• [Data in this exercise]:

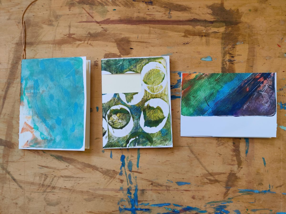 Before Christmas I spent a fantastic afternoon making sketchbooks with some arty friends. I used the prints from my gelli printing session as covers, and ended up with three little books.
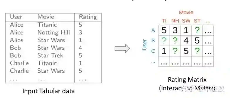 CF协同过滤的思路要解决的问题用数据形式表达就是:矩阵的未知部分如何填充问题(Matrix Completion)。如图2.1所示,已知的值是用户已经交互过的item,如何基于这些已知值填充矩阵剩下的未知值,也就是去预测用户没有交互过的item是矩阵填充要解决的问题。
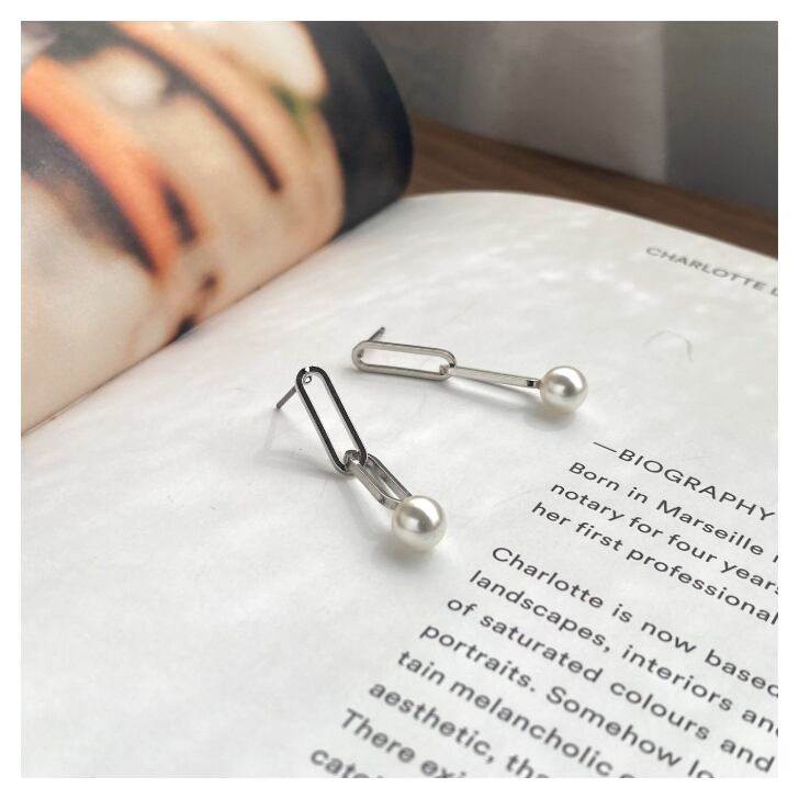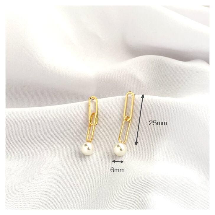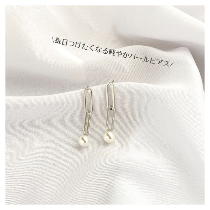 チェーンモチーフにパールを合わせた抜け感たっぷりの大人ピアス。
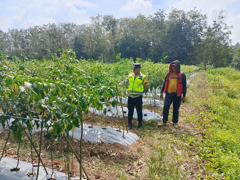 OKU Timur, 18 April 2026-Dalam rangka mendukung program ketahanan pangan serta menjaga situasi kamtibmas yang aman dan kondusif, Briptu Yoga Pratama melaksanakan kegiatan patroli dan pengamanan di lahan kebun terong milik warga yang berada di Desa Bungin Jaya.
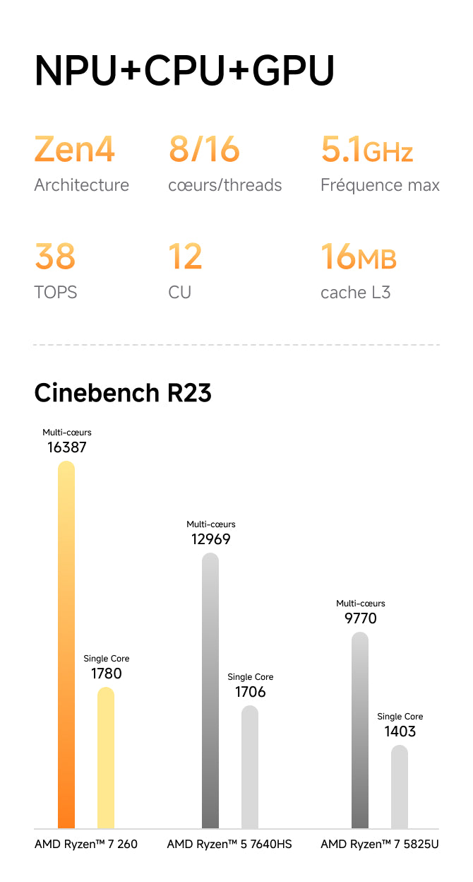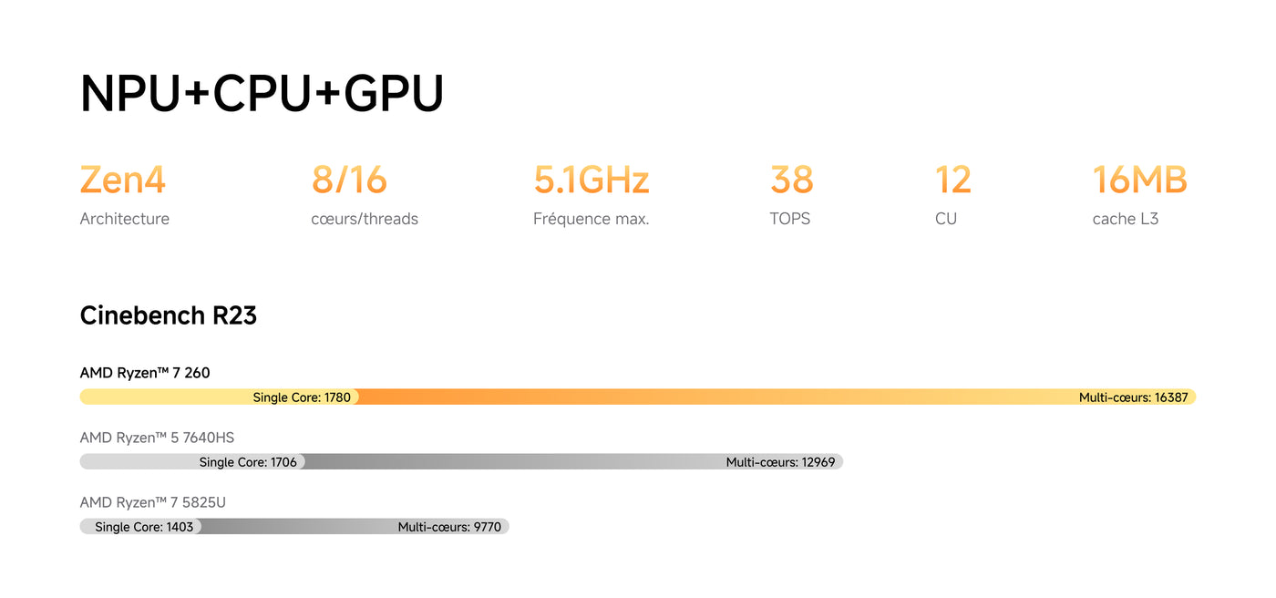 AI X1 est équipé de CPU AMD Ryzen™ 7 260 et AMD AI Ryzen™ 9 365.
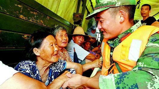 湖北日报讯 昨日,武警湖北总队一支队官兵转移群众时,一位73岁的老人紧紧握住战士的手说谢谢。当天,汉川垌塚镇多个村庄被淹。(记者 张朋视界网 马威 摄)
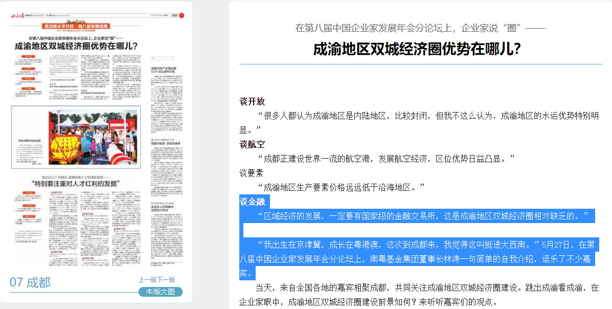 在第八屆中國企業(yè)家發(fā)展年會分論壇上,企業(yè)家說“圈”——成渝地區(qū)雙城經(jīng)濟(jì)圈優(yōu)勢在哪兒?
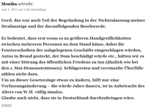 20.5.2012 Aktuelle Kommentare auf den Seiten des Gerd BuurmannGerd Buurmann und seine Besucher haben anscheinend nichts dazugelernt. Dieser Aristobulus (auch ein übler Hetzer) verweist in einem Link auf einen Artikel der eindeutig (so bestätigt auch der Autor) auf Gewalthandlungen hinweist. Was muss noch passieren?
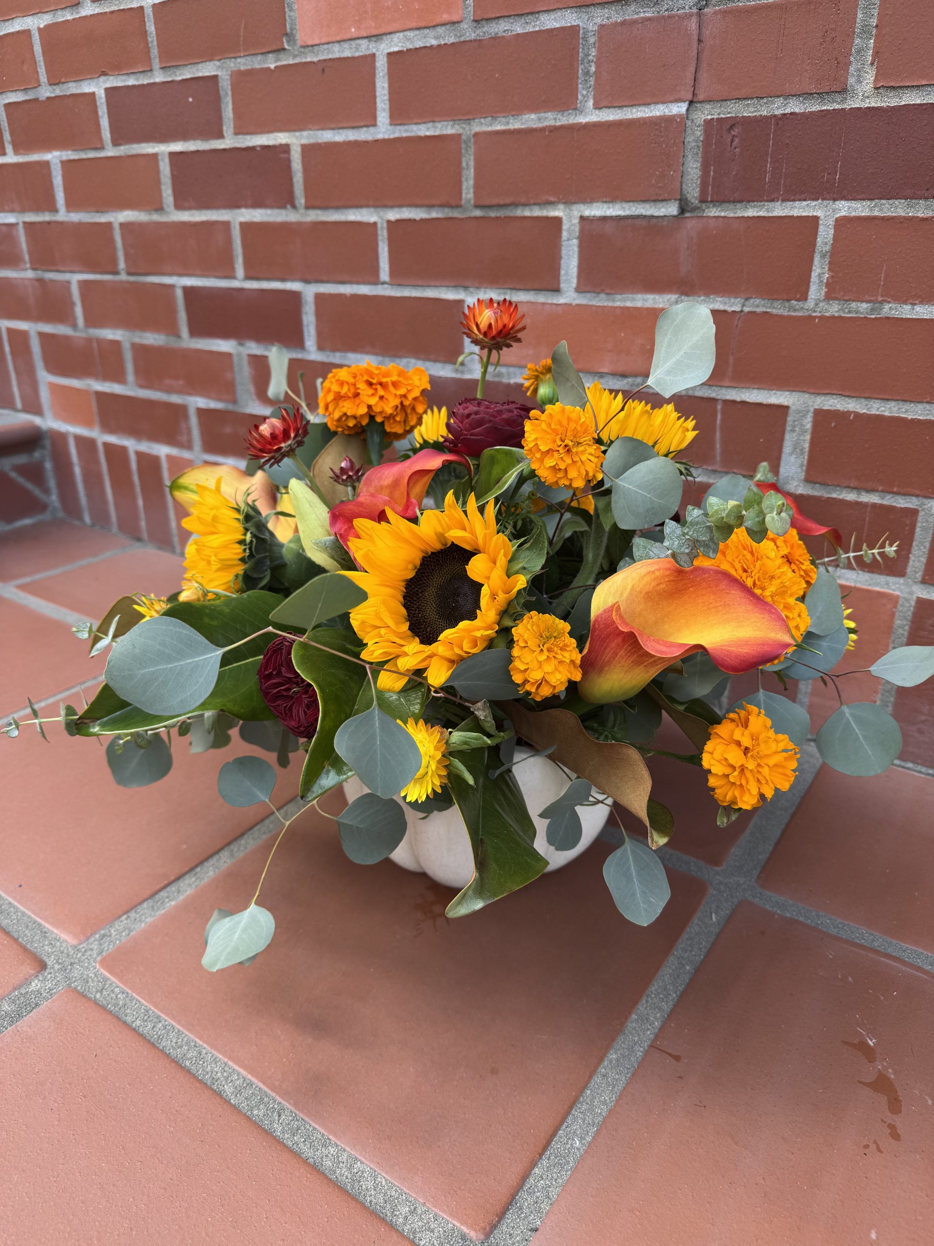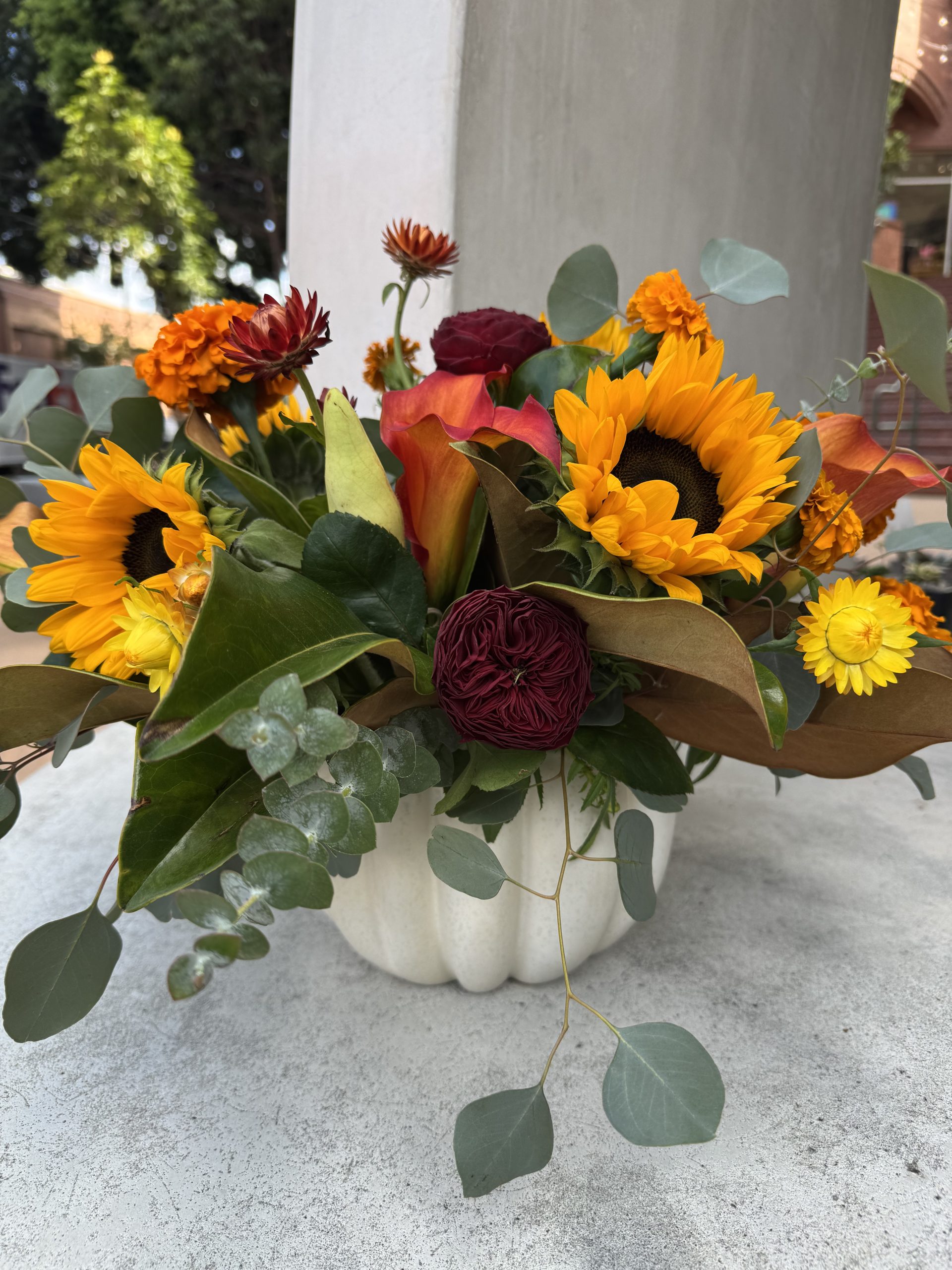 A festive centerpiece that will elevate your tablescape. Arranged in a white ceramic pumpkin container featuring seasonal garden flowers like sunflowers, calla lilies, mums, strawflowers and lush greenery.

• [What this task involves]: Set down the entries shown above once more, exactly as they read, but without pictures.

• [Response box]:
 Before Christmas I spent a fantastic afternoon making sketchbooks with some arty friends. I used the prints from my gelli printing session as covers, and ended up with three little books.
 CF协同过滤的思路要解决的问题用数据形式表达就是:矩阵的未知部分如何填充问题(Matrix Completion)。如图2.1所示,已知的值是用户已经交互过的item,如何基于这些已知值填充矩阵剩下的未知值,也就是去预测用户没有交互过的item是矩阵填充要解决的问题。
 チェーンモチーフにパールを合わせた抜け感たっぷりの大人ピアス。
 OKU Timur, 18 April 2026-Dalam rangka mendukung program ketahanan pangan serta menjaga situasi kamtibmas yang aman dan kondusif, Briptu Yoga Pratama melaksanakan kegiatan patroli dan pengamanan di lahan kebun terong milik warga yang berada di Desa Bungin Jaya.
 AI X1 est équipé de CPU AMD Ryzen™ 7 260 et AMD AI Ryzen™ 9 365.
 湖北日报讯 昨日,武警湖北总队一支队官兵转移群众时,一位73岁的老人紧紧握住战士的手说谢谢。当天,汉川垌塚镇多个村庄被淹。(记者 张朋视界网 马威 摄)
 在第八屆中國企業(yè)家發(fā)展年會分論壇上,企業(yè)家說“圈”——成渝地區(qū)雙城經(jīng)濟(jì)圈優(yōu)勢在哪兒?
 20.5.2012 Aktuelle Kommentare auf den Seiten des Gerd BuurmannGerd Buurmann und seine Besucher haben anscheinend nichts dazugelernt. Dieser Aristobulus (auch ein übler Hetzer) verweist in einem Link auf einen Artikel der eindeutig (so bestätigt auch der Autor) auf Gewalthandlungen hinweist. Was muss noch passieren?
 A festive centerpiece that will elevate your tablescape. Arranged in a white ceramic pumpkin container featuring seasonal garden flowers like sunflowers, calla lilies, mums, strawflowers and lush greenery.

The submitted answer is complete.